Dowbiggin Manuscripts with the James Bibby Collection
Part II
James Bibby, Great Harwood, Lancashire, England, 1965


The John Dowbiggin who died in Westminster in 1712 was a brother of Thomas Dowbiggin, yeoman, of High Winder, in the parish of Melling, whose father Lancelot farmed High Winder before him. Lancelot Dowbiggin's wife was Elizabeth Winder, daughter of Thomas Winder, of High Winder -- the Winder family being located there over three hundred years ago. There is still in existence a pocket-book of Thomas Dowbiggin's containing memoranda in his own handwriting, and from these entries I select the following: --

"Nov. ye 29, 1684 Joan Thornton of Harterbeck and I were married at Thurlaine [Thurland] Castle by Mr. Goodin." (Peter Goodin was a Roman Catholic priest. In chapter 3 of "Lancaster and the Jacobites" published in tthe Lancaster Observer, in May 1886, I mention him as being at Aldcliffe Hall, where he is said to have, "kept a sort of academy or little seminary for education of youth who were afterwards sent to Popish colleges abroad to be trained as priests." Father Goodin died at Aldcliffe in December 1694, and was interred in the burial ground of Lancaster Parish Church.)

"Dec. ye 15, 1684. Then I obtained a license from Leonard Townson for marrying Joan Thornton of Harterbeck." (Leonard Townson was of Hornby.)

"Dec. ye 17, 1684. Then Joan Thornton and I were married againe by Mr. Thomas Kay in Hornby Chappell he being the Rector of Melling." (Thomas Kay was vicar of Melling from December, 1677 to July, 1689 when he resigned.)

"April 15, 1684. Upon that day I was converted from the Protestant religion by Mr. Peter Goodin and did goe into confession the Sunday following being East Sunday."

It may be assumed that Joan Thornton was a Roman Catholic at the time of her marriage to Thomas Dowbiggin, and that she ably seconded Father Goodin in the conversion of her husband to Roman Catholicism. And, although I have nowhere met with the suggestion, I am disposed to think that a fair claim might be made on behalf of Thomas Dowbiggin's wife as deserving of some recognition in connection with that historical episode which eventuated in the passing of the first Roman Catholic Relief Act of 1778. She had been then dead nearly fifty years, but I have no doubt that, in furtherance of the Roman Catholic faith, her works followed her.

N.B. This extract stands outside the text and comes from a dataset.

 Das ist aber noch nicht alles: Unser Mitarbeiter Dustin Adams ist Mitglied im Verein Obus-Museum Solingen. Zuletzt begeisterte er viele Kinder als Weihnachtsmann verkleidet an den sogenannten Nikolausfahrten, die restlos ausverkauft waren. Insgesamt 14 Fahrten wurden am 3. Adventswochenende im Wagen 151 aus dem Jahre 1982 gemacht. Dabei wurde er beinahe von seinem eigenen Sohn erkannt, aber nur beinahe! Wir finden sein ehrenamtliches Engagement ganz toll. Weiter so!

After the death of John Dowbiggin in Westminster, his daughter and heiress, Ann Winder Dowbiggin (who had now lost her Father and Mother) went to live at High Winder with her aunt, Mrs. Thomas Dowbiggin, whose husband died on August 9, 1695. To Mrs. Dowbiggin's influence I attribute the fact of her niece becoming a Roman Catholic. "Ann Winder Dowbiggin, of Winder, spinster," figures in the list of Catholic non-jurors in 1715. As already stated, she became the wife of Thomas Benison, junr., who predeceased her. There was issue of this marriage, an only daughter Ann, who was only in her teens at the time of her father's death. On January 11, 1753, this last named Ann Benison of Hornby, who is described in the newspaper announcement of the wedding as being woth £600 per year, was married to John Fenwick of Burrow Hall, whose father was at one time M.P. for the town of Lancaster.

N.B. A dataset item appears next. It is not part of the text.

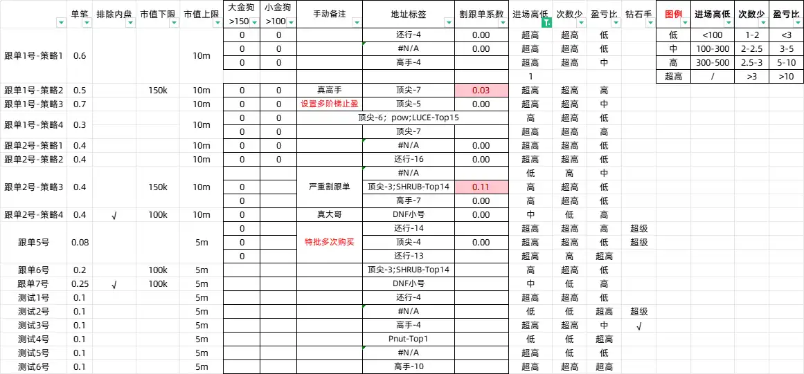 - The left column is the strategy column, with different settings based on the wallet's profitability, purchase frequency, and on-premises market (Pump.fun) profitability.

About four years later, she lost her husband, who was accidentally killed in the hunting field. The widow, a staunch Roman Catholic, had made over her own proprty to her husband and his heirs, to enable him to raise money, and when he desired to re-convey the estates to her, he found that the laws, which then operated severely against Roman Catholicism, prevented him from doing so. There being no issue of the marriage, Thomas Fenwick, Barrister-at-law, of Gray's Inn, succeeded to the property. Litigation ensued, and at last a private Bill -- the precursor of the Relief Act of 1778 -- was introduced into Parliament, and passed in 1772, whereby the widow was enabled to enjoy the income from which she had so long been debarred.

The painful story was told in some detail by the Rev. T.E. Gibson, of Southport, in the Palatine Notebook, several years ago, and was reproduced in chapter 4 of "Lancaster and the Jacobites" (Observer, June 1886). Mrs. Fenwick lived out her widowhood at the Hall in Hornby which her father built, where she provided a Roman Catholic Chapel and chaplain, and where she died on the 28th of April, 1777, her remains being buried by the side of her parents at the foot of the chancel in Melling Church.